Rio Tinto Energy America (RTEA) was a wholly owned American subsidiary of the England and Australia-based mining giant, the Rio Tinto Group, headquartered in Gillette, Wyoming, United States. The company, previously known as Kennecott Energy after another of Rio Tinto's American subsidiaries, was formed in 1993 when Rio Tinto purchased NERCO and placed that company's Spring Creek coal mine and Antelope coal mine under the RTEA umbrella. Subsequent acquisitions included the Cordero Mining Company, the Colowyo Coal Company, and the Jacobs Ranch coal mine. RTEA operated four mines in Wyoming and Montana, supplying fuel for the generation of approximately 6% of the United States' electricity consumption. The RTEA mines were spun off to Cloud Peak Energy in 2010.

==History==
In November 2007, Rio Tinto Group announced that it would try to divest RTEA and its assets. As a first step in that effort, Rio Tinto agreed in March 2009 to sell the Jacobs Ranch coal mine to Arch Coal for a sum of $761 million.

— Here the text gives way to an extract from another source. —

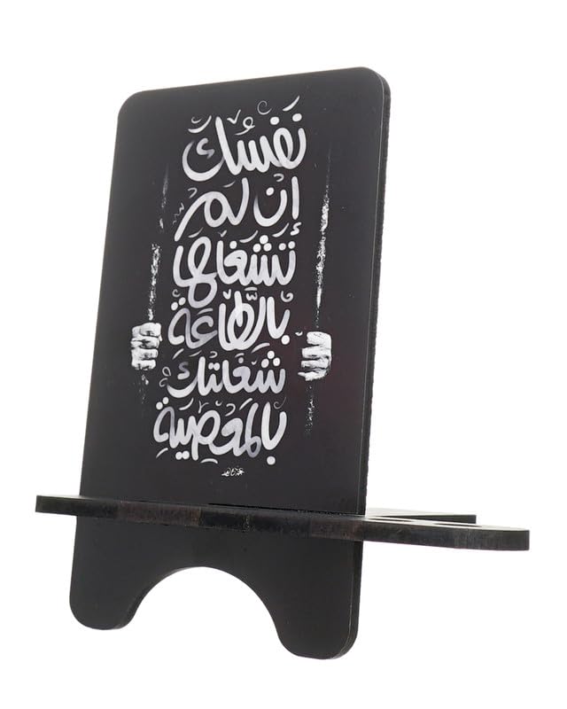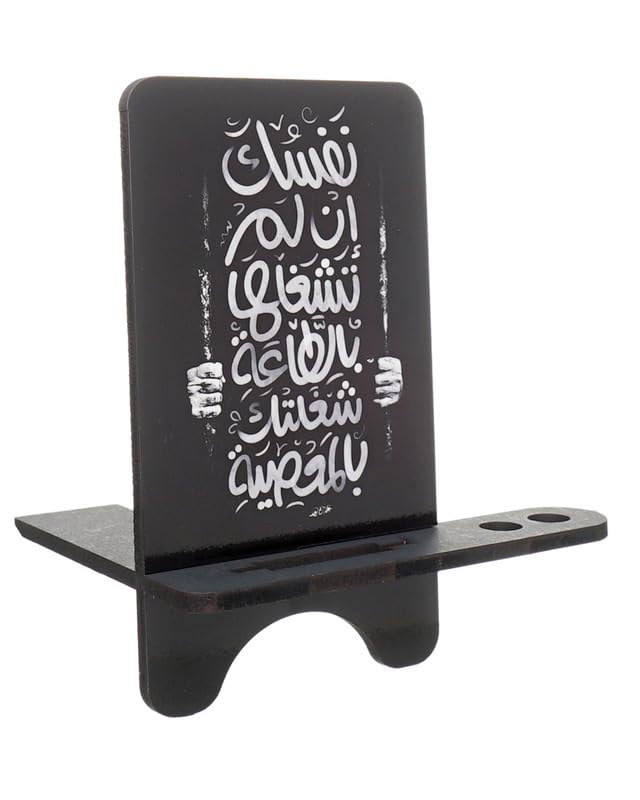 Generic - حامل موبايل خشبي مكتبي مزخرف بعبارة عربية - متعدد الالوان Ebtekar - 69

In December 2010, Rio Tinto announced that it had succeeded in "100 per cent divestment of its equity holdings in Cloud Peak Energy Inc. through a fully exercised over allotment in connection with a recently announced secondary offering." Cloud Peak Energy stated that the result of the divestment was that Cloud Peak Energy Resources LLC "is now a wholly owned subsidiary of Cloud Peak Energy Inc."

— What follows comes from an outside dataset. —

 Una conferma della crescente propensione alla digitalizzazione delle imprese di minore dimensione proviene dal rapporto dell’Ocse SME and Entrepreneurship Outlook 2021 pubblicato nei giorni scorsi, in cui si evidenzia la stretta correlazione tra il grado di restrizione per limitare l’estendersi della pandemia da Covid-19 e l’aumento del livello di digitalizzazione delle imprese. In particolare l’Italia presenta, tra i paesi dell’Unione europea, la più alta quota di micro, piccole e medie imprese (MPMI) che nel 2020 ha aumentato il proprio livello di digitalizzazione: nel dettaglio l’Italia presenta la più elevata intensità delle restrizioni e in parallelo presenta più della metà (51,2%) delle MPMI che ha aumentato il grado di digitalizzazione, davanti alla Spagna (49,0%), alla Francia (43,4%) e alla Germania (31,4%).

Dow Jones reported that "Cloud Peak will use proceeds from the IPO [initial public offering] to buy 52 per cent of the Rio Tinto's assets it operates and Rio Tinto will own the rest." The write service also reported that early in November Standard & Poor's Ratings Services "assigned Cloud Peak a junk rating of BB minus, three steps below investment grade, citing its need for more reserves among potential risks."